Bu şekilde bir karar alırlar, içlerinden bir heyet seçerler ve ağanın kapısını çalarlar. İçeri girdiklerinde ağa heybetine bürünüp yüksek sesle bağırır;
“Yine niye geldiniz, ne istiyorsunuz ulan, söyleyin!”
Adamların dizlerinin bağı bir anda çözülüverir;
“Ağam, şey, diyecektik ki peyniriniz yağlı mı olsun yavan mı, yağınız tuzlu mu olsun tuzsuz mu?”
Şu günlerde gündeme yine anayasa değişikliği getiriliyor, sivil bir anayasa yapmanın zamanı geldi deniliyor.
Kusura bakmayın ama ırkçılığın, milliyetçiliğin böylesine kabardığı, Kemalizme tapınma adına birilerinin kendi tanrılarına şirk koşturmadığı bir mevsimde sivil bir anayasa yapılabileceğine dair hiçbir ümidim yok.
Olsa olsa; “Ağam, peyniriniz yağlı mı olsun yavan mı?” demekten öteye gidilemeyecektir.
Efendiler, hem size kim böyle bir hak vermiştir, kim demiş size anayasanızı kendiniz yapabilirsiniz diye?
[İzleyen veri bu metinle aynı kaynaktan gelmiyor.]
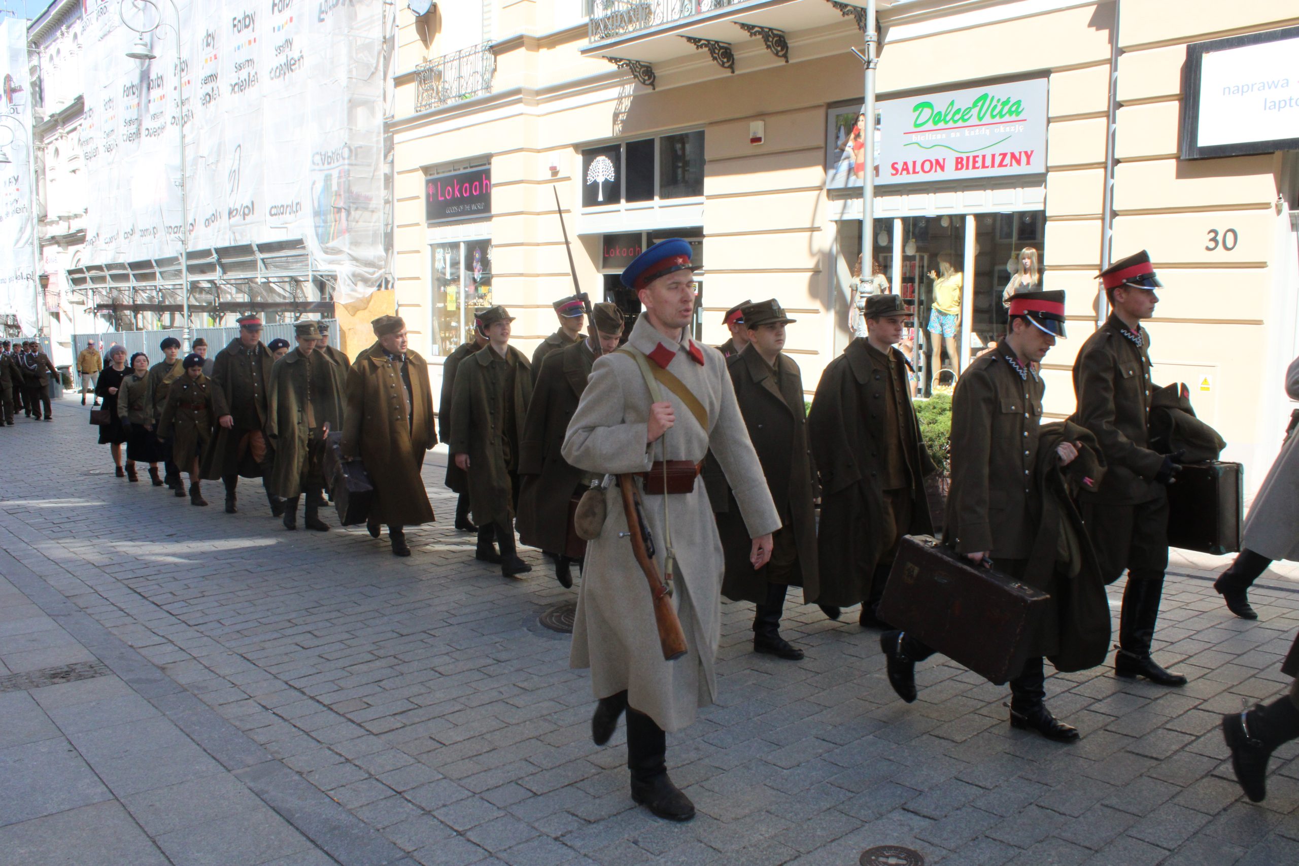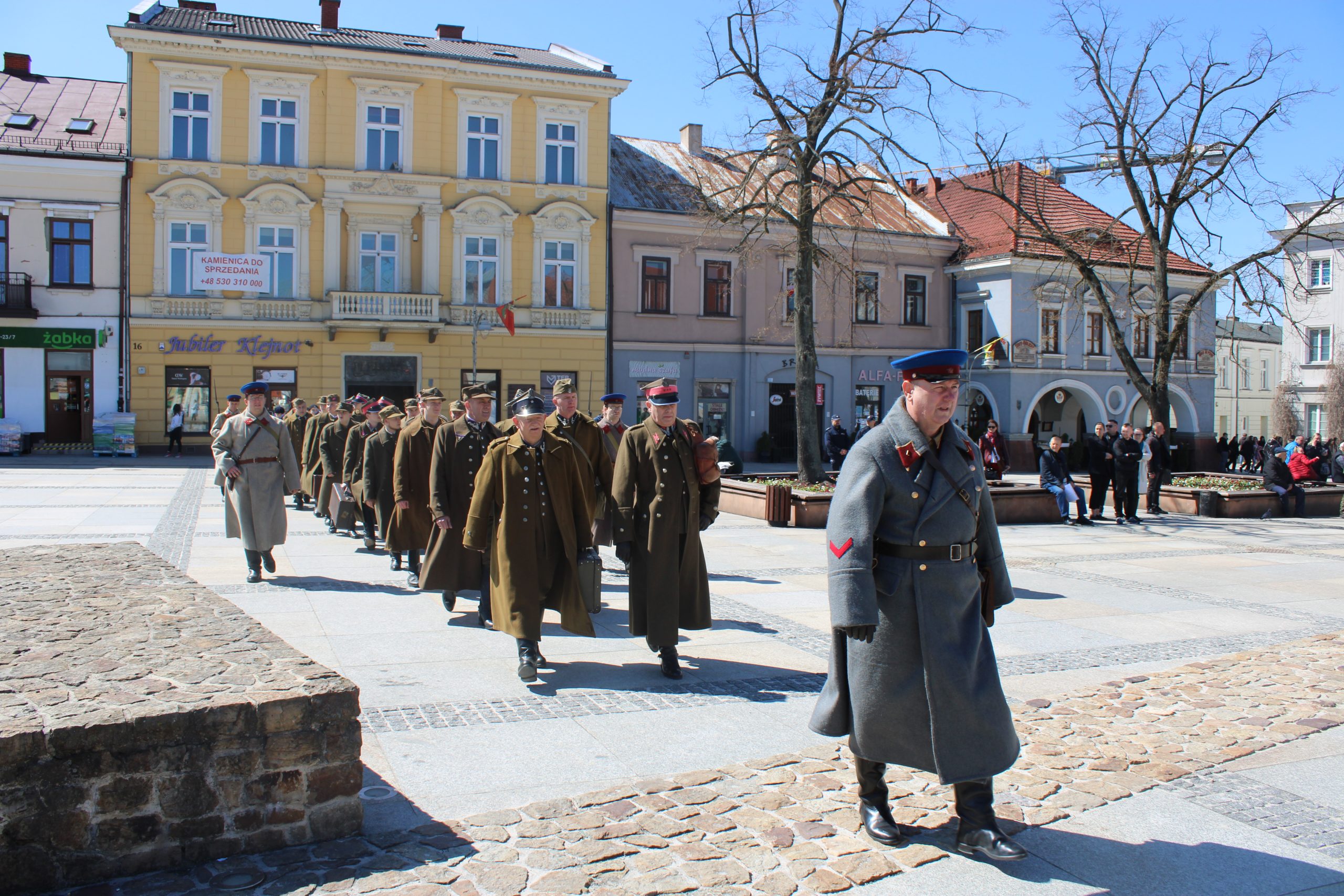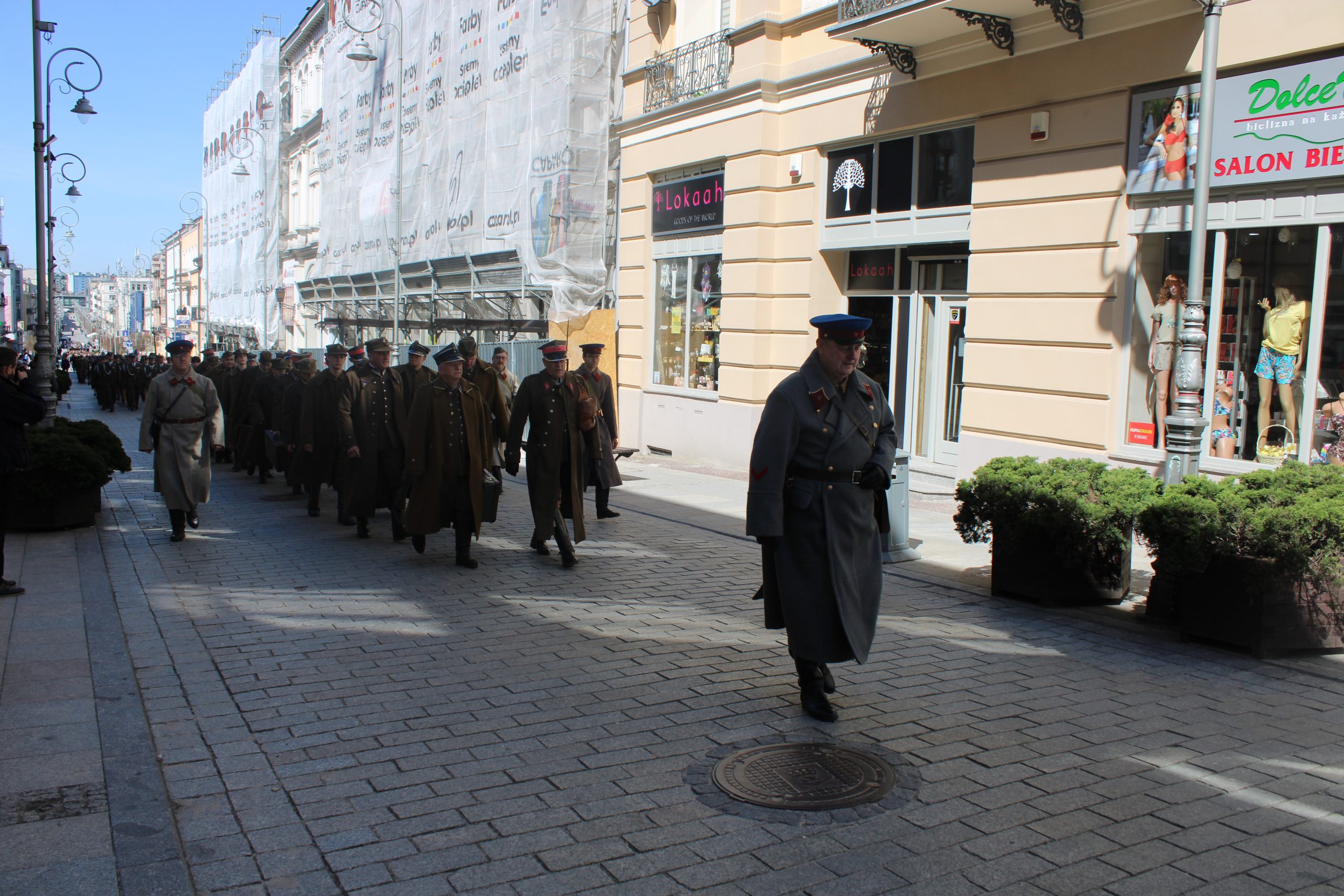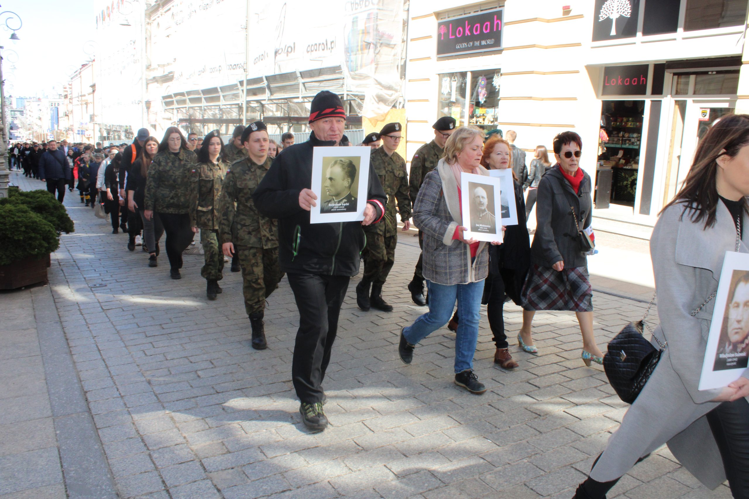 Pochód, utworzony przez polskich żołnierzy, Strażników Ochrony Kolei, członków grup rekonstrukcyjnych oraz młodzież szkolną w historycznych mundurach polskich oficerów oraz pilnujących ich funkcjonariuszy NKWD, w milczeniu przeszedł ulicami Kielc na Skwer Pamięci Ofiar Katynia, gdzie nastąpiło złożenie kwiatów i zapalenie zniczy upamiętniających ofiary Zbrodni Katyńskiej.

Bu anayasayı yapanlar yapmıştır, asla dokunamaz, değiştiremezsiniz. Size düşen uslu uslu itaat etmektir, boş yere gürültü yapmayın, oturun oturduğunuz yerde, sütünüzü için ve yatağınıza yatın.
Ve bir de nankörlük etmeyin, sayesinde var olduğunuz ağanızın peynirini, yağını yapıp getirin vesselam.
Daha önce de bu konuya değindiğimi hatırlıyorum; Bu mevsim anayasa yapma mevsimi değil demiştim, aynı düşüncedeyim.
Bırakın, şimdilik böyle kalsın bu anayasa. Ivır zıvır, eften püften birkaç maddesinin değiştirilmesiyle bu millet boş yere avutulmasın.
Mesele kıble meselesidir. Bu milletin kıblesi bundan bir asır önce Kâbe’den Çankaya’ya çevrilmiştir, önce kıble halledilmelidir, söylediğimiz gibi gerisi hep eften püften teferruattır vesselam.